Casa di riposo, l’ira dei sindaci: «Nessuno ci ha informato»
Alla casa di riposo di Mombretto si sono già verificati 52 decessi

52 morti in casa di riposo a Mediglia, l’ira dei sindaci : «Nessuno ci ha informato»

Lettera aperta di 14 primi cittadini a Regione, Ats e Asst sulla situazione alla Rsa

Barbara Sanaldi

Risposte chiare e puntuali, informazioni corrette e tempestive, e un coinvolgimento rispettoso della «complessità della situazione». È una presa di posizione netta e decisa quella dei 14 sindaci dell’area omogenea sud-est Milano (Carpiano, Cerro, Colturano, Dresano, Mediglia, Melegnano, Pantigliate, Paullo, Peschiera, San Donato, San Giuliano, San Zenone, Tribiano e Vizzolo) che questa volta hanno indirizzato una lettera aperta a Gianfranco Bordonaro, della Residenza Borromea di Mediglia, a Walter Bergamaschi, Ats Milano, Maurizio Bersani, Asst Martesana Melegnano e a Giulio Gallera, assessore regionale al welfare.

Tema della comunicazione, la drammatica situazione della Rsa di Mombretto di Mediglia dove, scrivono i sindaci, «a oggi 52 persone hanno perso la vita.

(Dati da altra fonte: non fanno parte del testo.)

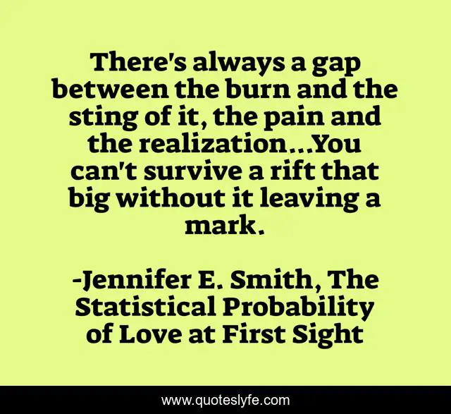 This page presents the quote "There's always a gap between the burn and the sting of it, the pain and the realization...You can't survive a rift that big without it leaving a mark.". Author of this quote is Jennifer E. Smith, The Statistical Probability of Love at First Sight. .

La velocità con cui sono avvenuti tutti questi decessi ha creato in tutte le nostre comunità un serio sentimento di preoccupazione: perché noi sindaci - scrivono i 14 primi cittadini - non siamo stati informati? Perchè le famiglie degli ospiti, i dipendenti, i fornitori non sono stati informati?». Domande pesantissime, motivate dalla consapevolezza che «una struttura di questo genere ha rapporti complessi con il territorio in cui è insediata, è un nodo delicato e sensibile di moltissime interconnessioni, potenziale acceleratore di diffusione del virus», che sono alla base della richiesta di ulteriori chiarimenti. I sindaci chiedono infatti «cosa è stato fatto per isolare i primi casi sintomatici e per evitare la propagazione del virus tra gli ospiti?». Domanda che trova però un’amara constatazione dal momento che «l’impressione, visti i numeri, è che non tutti i protocolli e le procedure siano stati rispettati». I sindaci esprimono così una forte preoccupazione, e chiedono con forza di essere messi al corrente della reale situazione. Ai destinatari della lettera aperta viene quindi chiesto di fornire «l’elenco del personale sanitario e non operante all’interno della struttura, l’elenco di quanti operano in qualità di fornitori, di tutte le persone cui è stato consentito entrare dal 23 febbraio, giorno in cui sono stati segnalati i primi casi sintomatici», e una «descrizione della situazione interna riferita ad oggi e strategie messe in atto internamente ed esternamente alla struttura per curare le persone infettate e per contenere la diffusione del virus». Dati e informazioni che «saranno da noi trattati secondo le vigenti norme sulla privacy», ma che risultano necessarie «per superare il clima di timore e sgomento che si è venuto a creare nei nostri comuni dovuto anche dalla mancanza di informazioni».